2025年12月5日(金)

終わらなかった戦争・後編サハリン

2025年7月18日

 戦争は、個人個人の思いを無視し、国と国が戦うものです。戦争がなければ友人になったかもしれない人を、ただ無作為に撃ち殺すものなのです。

 46年12月、重延家も引き揚げが決まりました。ようやくソ連から引き揚げ許可が下りたのです。ただし、家や土地、預金などは置いていかなければなりませんでした。西の港、真岡(現・ホルムスク)からの乗船です。埠頭には長い行列ができていました。父母姉兄がソ連兵のチェックをパスしていく中、突然私の背負ったリュックの下に、ソ連兵がマンドリン銃を押し付けてきたのです。その銃口の感触は今でもはっきりと覚えています。だから、私は今でも背面恐怖症なのです。後ろから人がスッとやってくると、緊張してしまいます」

樺太から函館に引き揚げた人々。左下の少年が重延さん(THE ASAHI SHIMBUN/JIJIPHOTO)

樺太の様子・記憶と重なる
ウクライナ戦争

 重延さんはこれまで、樺太での体験を公には語ってこなかった。
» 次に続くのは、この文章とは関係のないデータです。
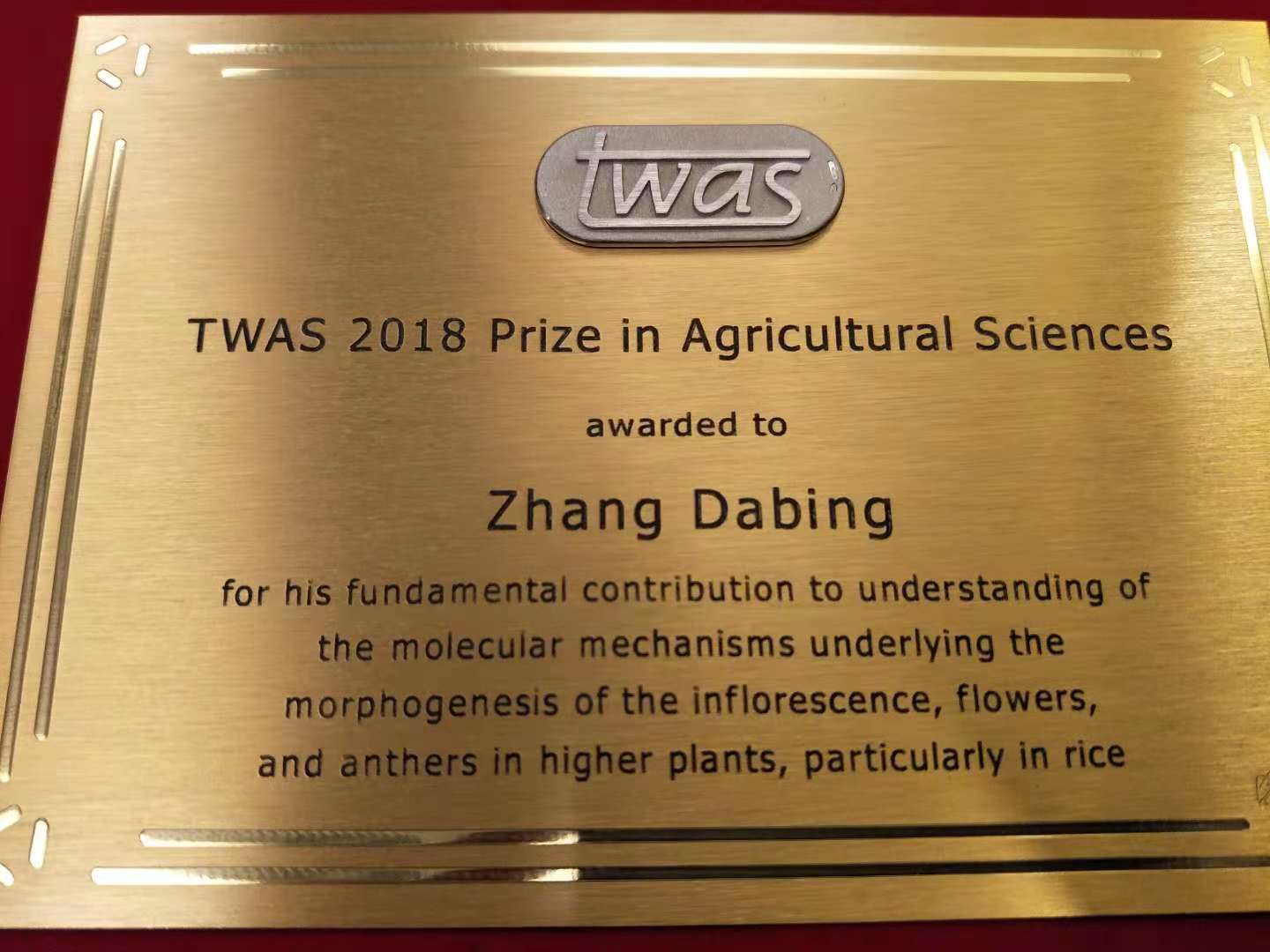 2018年11月27日,bat365正版唯一官网张大兵教授因其在高等植物,特别是水稻花序、花器官和雄蕊形态发生分子机制领域的重要贡献,荣膺发展中国家科学院(又叫第三世界科学院,The Third World Academy of Sciences,简称“TWAS”)农业科学奖。

だが、ウクライナ戦争をきっかけにして、自らの体験を書き残すことを決めた。

 「ウクライナの少年が、半分裸のような姿で避難している様子を映像で見て、『あれは当時の私だ』と思ったのです。自分の中の記憶と重なり、これは伝えておかなければならないという気持ちになりました。本では私の体験にあわせて、戦後75年にドイツのシュタインマイヤー大統領が出した声明文を引用しました。『君たち(若い人)が頼りだ。まさに君たちが、あの恐ろしい戦争の教訓を将来に伝えなければならないんだ』と」

 重延さんは1989年5月、社会的ドキュメンタリーは当時、許可が出ないので樺太のグルメ番組の撮影と言ってソ連当局の許可を取り、43年ぶりに樺太の大地を踏んだ。空港から外へ出た時こう思ったという。

 「ひんやりとした、それでいて清々しい。ああ、これが樺太の空気だ」

 ただ、かつての面影はなく、完全な異国となっていた。それでもインタビュー中、樺太で過ごした時のことを話す重延さんの様子はとても生き生きとしていた。重延さんは言う。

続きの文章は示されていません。